Your objective:
Below are records to repeat exactly; copy them without the pictures.

[Collected data entries]
----
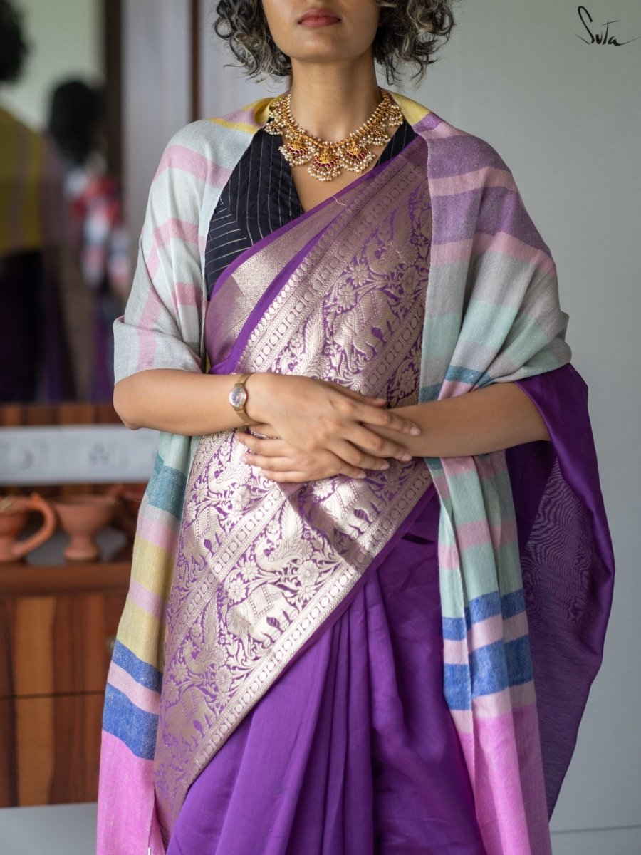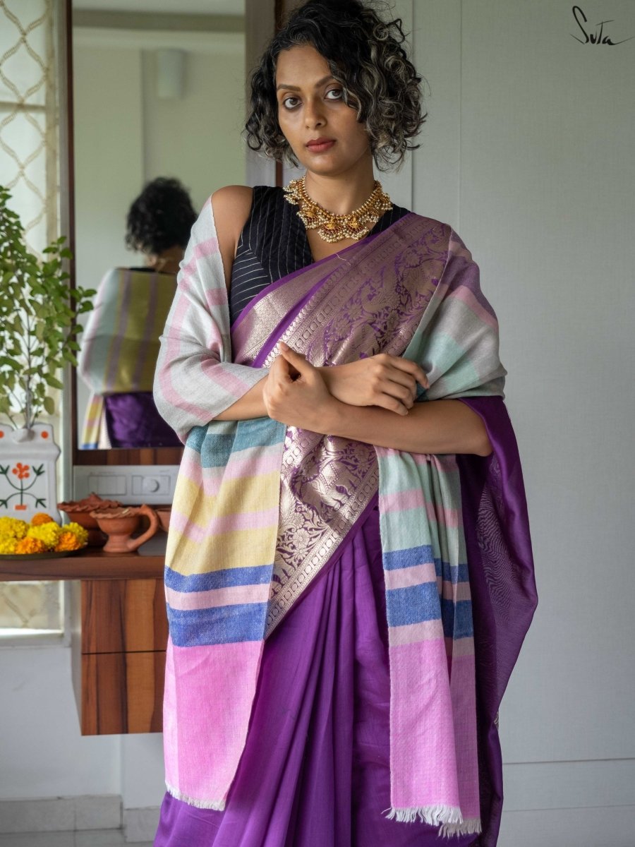 Saree  Su, the model is wearing a saree called Royal Penchant and a blouse called Tami.
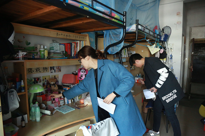 为有效排除宿舍火灾隐患,切实保障学生宿舍用电安全。4月7日至8日,孙月婷同实习辅导员徐龙静、刘家存,学院生活部学生干部及部分班委一起深入走访6栋和18栋学生宿舍,在交流谈心的过程中,进一步巩固安全教育的成果。
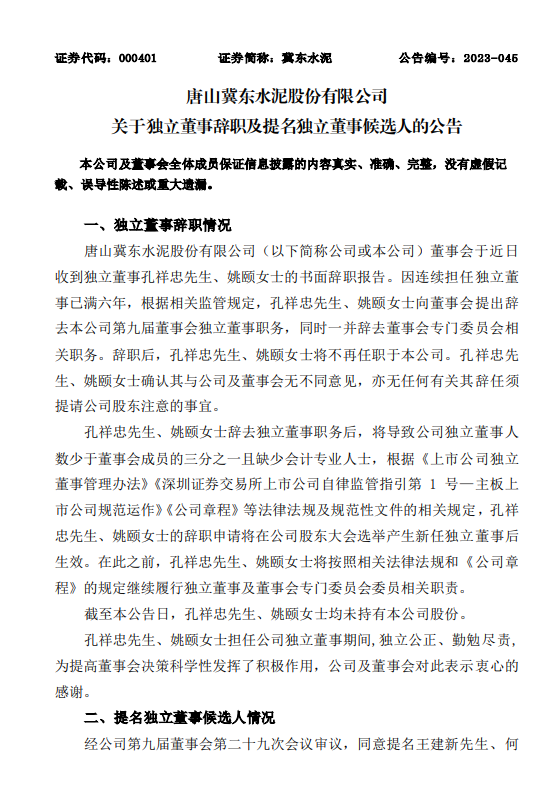 冀東水泥獨(dú)立董事孔祥忠先生、姚頤女士辭職,王建新先生、何捷女士將接任
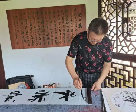 特邀嘉宾、书画家徐惠中先生在半山半水半书窗亭内现场创作书画作品
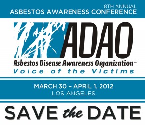 Redondo Beach, CA … December 16, 2011— The Asbestos Disease Awareness Organization (ADAO), which combines education, advocacy, and community initiatives as a leading asbestos victims’ voice worldwide, announced its honorees and keynote speaker for the 8th Annual International Asbestos Awareness Conference, Asbestos: An International Public Health Crisis, to be held March 30–April 1, 2012 in Los Angeles, CA (Conference Registration). The conference brings together renowned experts and asbestos victims in a united forum to enhance asbestos awareness, education, treatment, and collaboration. The conference is made possible with the partnership of the Environmental Information Association (EIA) and Independent Asbestos Training Providers (IATP).
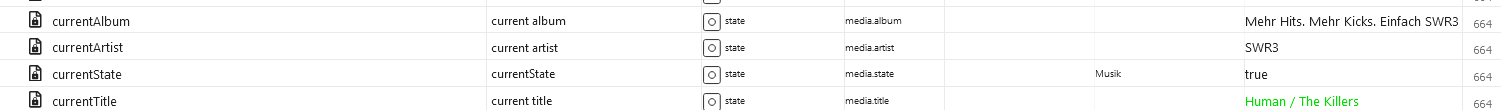 Du solltest aber wissen dass nicht jeder Radiosender die Titel überträgt. Mach mal SWR3 an und dann darfst dort gerne den Datenpunkt beobachten. Da steht einmal der Sendername, welche Show gerade läuft oder auch welcher Titel - immer abwechselnd.
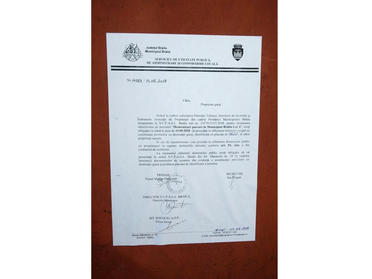 În 2017, pe raza municipiului Brăila erau înregistrate 2.268 de garaje amplasate pe domeniul public. La începutul anului în curs, toţi proprietarii au fost obligaţi să îşi reînregistreze garajele, printr-o procedură destul de stufoasă, aceştia trebuind să se prezinte la SUPAGL cu o serie de acte, ce includea, printre altele, certificatul de amplasare, numărul plăcuţei de identificare, copie după talonul maşinii, dovada valabilităţii Inspecţiei Tehnice Periodice şi, nu în ultimul rând, o declaraţie pe proprie răspundere autentificată de un notar, în care proprietarul garajului menţiona suprafaţa ocupată pe domeniul public.
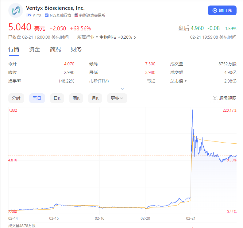 而在国外,一家生物制药公司Ventyx Biosciences也因研发药物具有减重效果,而被分析师点评,受此影响,2月21日,Ventyx股价大涨69%。Ventyx于2021年在纳斯达克上市,目前市值约3亿美元。
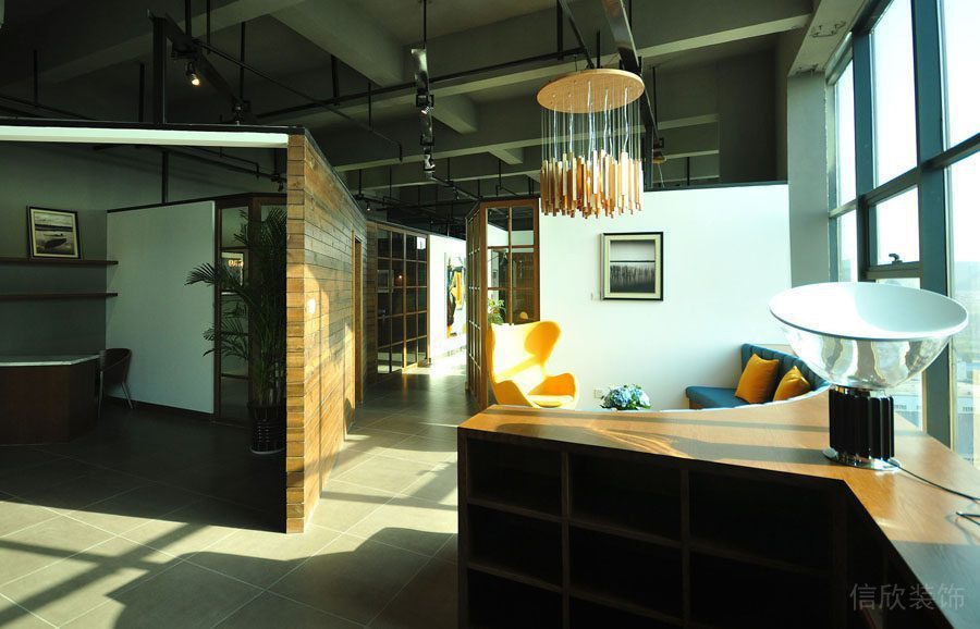 風(fēng)格定位:現(xiàn)代簡(jiǎn)約+活力工業(yè)風(fēng),以藍(lán)白為主色調(diào),局部點(diǎn)綴橙、黃,打造開(kāi)放、高效且舒適的辦公環(huán)境。
----
Solved problem:
 Saree  Su, the model is wearing a saree called Royal Penchant and a blouse called Tami.
 为有效排除宿舍火灾隐患,切实保障学生宿舍用电安全。4月7日至8日,孙月婷同实习辅导员徐龙静、刘家存,学院生活部学生干部及部分班委一起深入走访6栋和18栋学生宿舍,在交流谈心的过程中,进一步巩固安全教育的成果。
 冀東水泥獨(dú)立董事孔祥忠先生、姚頤女士辭職,王建新先生、何捷女士將接任
 特邀嘉宾、书画家徐惠中先生在半山半水半书窗亭内现场创作书画作品
 Redondo Beach, CA … December 16, 2011— The Asbestos Disease Awareness Organization (ADAO), which combines education, advocacy, and community initiatives as a leading asbestos victims’ voice worldwide, announced its honorees and keynote speaker for the 8th Annual International Asbestos Awareness Conference, Asbestos: An International Public Health Crisis, to be held March 30–April 1, 2012 in Los Angeles, CA (Conference Registration). The conference brings together renowned experts and asbestos victims in a united forum to enhance asbestos awareness, education, treatment, and collaboration. The conference is made possible with the partnership of the Environmental Information Association (EIA) and Independent Asbestos Training Providers (IATP).
 Du solltest aber wissen dass nicht jeder Radiosender die Titel überträgt. Mach mal SWR3 an und dann darfst dort gerne den Datenpunkt beobachten. Da steht einmal der Sendername, welche Show gerade läuft oder auch welcher Titel - immer abwechselnd.
 În 2017, pe raza municipiului Brăila erau înregistrate 2.268 de garaje amplasate pe domeniul public. La începutul anului în curs, toţi proprietarii au fost obligaţi să îşi reînregistreze garajele, printr-o procedură destul de stufoasă, aceştia trebuind să se prezinte la SUPAGL cu o serie de acte, ce includea, printre altele, certificatul de amplasare, numărul plăcuţei de identificare, copie după talonul maşinii, dovada valabilităţii Inspecţiei Tehnice Periodice şi, nu în ultimul rând, o declaraţie pe proprie răspundere autentificată de un notar, în care proprietarul garajului menţiona suprafaţa ocupată pe domeniul public.
 而在国外,一家生物制药公司Ventyx Biosciences也因研发药物具有减重效果,而被分析师点评,受此影响,2月21日,Ventyx股价大涨69%。Ventyx于2021年在纳斯达克上市,目前市值约3亿美元。
 風(fēng)格定位:現(xiàn)代簡(jiǎn)約+活力工業(yè)風(fēng),以藍(lán)白為主色調(diào),局部點(diǎn)綴橙、黃,打造開(kāi)放、高效且舒適的辦公環(huán)境。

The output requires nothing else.